You have devoted couple of chapters on Indo-Europeans and Old-Europe. Why understanding Indo-European cultures and traditions are important to this study?
Understanding Indo-European language and culture is a prerequisite to the study of the Indo-Iranians, and in a parallel way, it is imperative to understand an analysis of the culture of the Old Europe, as the new homeland of the Indo-European immigrants. The Aryans are of Indo-European ancestry, and were the source of the Vedic and the Zoroastrian traditions in India and in Iran, respectively. Wherever their first homeland may have been, it is certain that they lived together as one people for a long period with shared customs and beliefs.
We must keep in mind that religion never has an absolute beginning. Every beginning is only a point in the history that owes its existence to events still farther in the past. With this in mind, we must expand our knowledge of a tradition as far back as the historical testimonies including archaeology allow us to do, without stopping at an arbitrary point in time. Interdisciplinary and cross-cultural research, aided by linguistics, archaeology, and prehistoric and historic data, provides a view of both the sacred and secular life of Indo-European times. Fundamentally a linguistic construct, Indo-European has also been used for research in the fields of anthropology, history, comparative religion, and mythology.
Tracing the Indo-Iranian concepts of the nature and constitution of man, with special reference to the doctrine of the Soul and its transmigration, also alluded to by the Old Europeans and the Indo-Europeans, has helped me to demonstrate how profound the physical, ethical, spiritual, and to some degree, psychological ideals were in these thought-systems, which are preserved in the Vedic and Zoroastrian scriptures.
I have highlighted that cultural identities, which form people at any given time, are the culminating result of the interactions of past culture, religion, environment, and language.
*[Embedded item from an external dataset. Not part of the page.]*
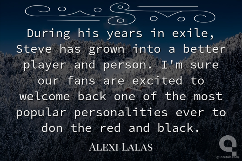 During his years in exile, Steve has grown into a better player and person. I'm sure our fans are excited to welcome back one of the most popular personalities ever to don the red and black.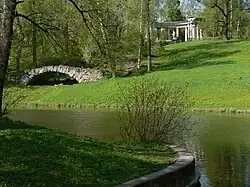 Depuis le palais, sur la rive opposée de la Slavianka, s'ouvre un panorama avec une cascade, un pont et la colonnade d'Apollon. Cette dernière, de forme circulaire, fut agrémentée d'une statue en bronze d'Apollon, mais, vers 1800, une tempête mutila l'édifice qu'on laissa en l'état avec une partie en arc de cercle préservée, le reste des colonnes jonchant le sol, et une nouvelle statue d'Apollon rajoutée en 1826.

The historical process through which all the known religious belief systems of the world have evolved provides evidence for a gradual amalgamation and hybridization of ideologies as the result of cultural collisions.
What do you hope to achieve by writing this book?
As this book demonstrates earliest cultural commonalities, which continue to prevail in the surviving religious traditions and mythological events, I hope to generate enthusiasm for further in-depth research into the Indo-Iranian religion as a system, acknowledging its genetic historical connections with both earlier and subsequent traditions.
I further hope to make it more evident that religion is by nature non-static and that prevalent, worldwide belief in death and rebirth into another existence is the result of the dynamism of religion. The correspondence, and in some instances the identity, of the imagery of the afterlife events as recorded in the Vedas, the Avesta, the Book of the Dead, the Bible, the Qur’ān, the visions of Saint Vīrāf, and Dante perhaps express human concerns that arise from human fears and hopes. However different the expectations of the afterlife in the various traditions may be, they all convey the same uncertainties and expectations, and they evoke the same kinds of response.